Yes, it was really that bad.
Needless to say, taking photos at an outdoors site like Cheung Ek in the midst of such a storm proved to be nearly impossible. But, since we had to run from one sheltered area to the next, armed with the beach-sized umbrellas that Thy provided, he had plenty of time to tell me the story of the Killing Fields.
He was sixteen when the Khmer Rouge came to power. At first, they were welcomed by the Cambodian people since it was widely believed that the Khmer Rouge would reinstate the king. But, immediately after taking power, the new government ordered Phnom Penh to be evacuated. The reason given was that the Americans were about to bomb the city. In reality, this was a ploy to get everyone into the countryside and force them to work in agriculture. Pol Pot claimed that, if everyone worked and there were no lazy people, the country could produce enough rice that it could buy whatever it needed, and everyone would prosper.

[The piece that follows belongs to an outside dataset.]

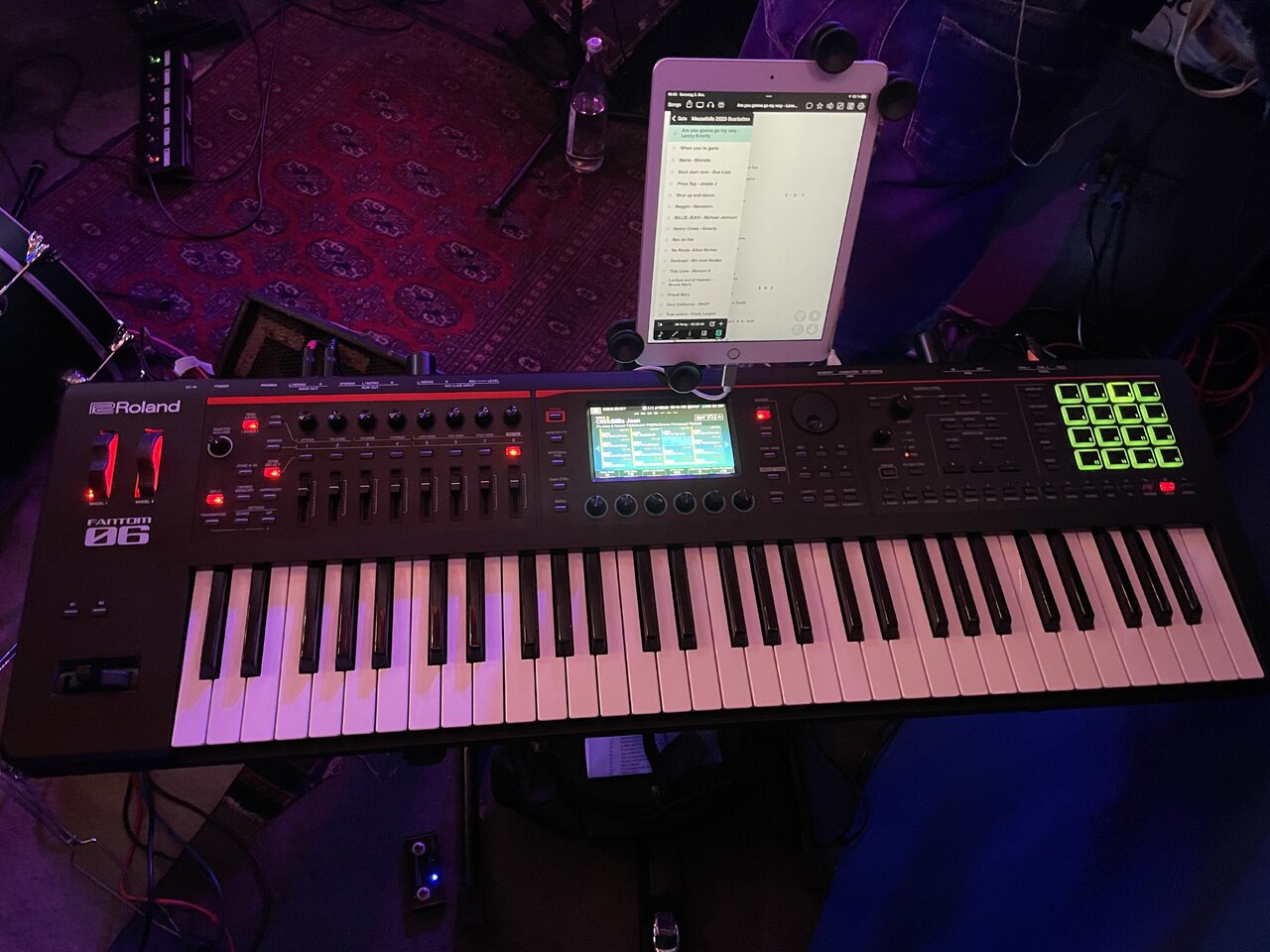 Mein Live-Setup (Cover-Band) vom letzten Wochenende. Die Bühne war ziemlich klein (ca. 3x3m) für 6 Personen und da ich das "one keyboard setup" schon länger ausprobieren wollte, habe ich den Nord Stage, der normalerweise unter den Fantom-06 kommt, einfach weggelassen. Hat gut geklappt, aber ich habe bei der Soundprogrammierung auch schon immer darauf geachtet, dass ich zur Not nur mit dem Fantom auskomme. Bei einigen Piano-lastigen Songs habe ich die gewichtete Tastatur des Nord aber doch ein wenig vermisst...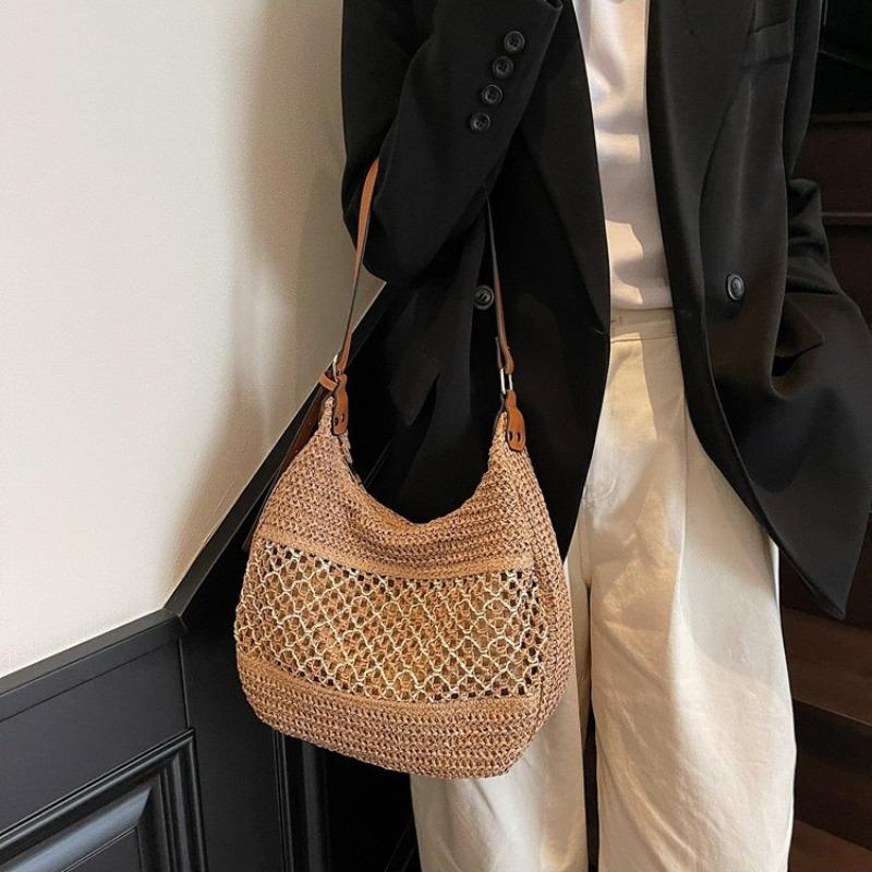 Полая универсальная плетеная сумка из соломы большой вместимости на молнии плетеная сумка сумка-тоут на плечо пляжная сумка для морского отдыха женская сумка

Things didn’t turn out that way.
The Khmer Rouge distrusted intellectuals, foreigners, those who had associated with foreigners, and anyone else who might be suspected as not fully on board with the new order. In prison, those arrested were tortured and forced to provide names of others who were “enemies of the regime.” And so, the list of those who were arrested continued to expand.
Once people had given names of their “co-conspirators,” they were told they’d been rehabilitated and soon would be taken back to their homes. In reality, they were taken to one of the Killing Fields.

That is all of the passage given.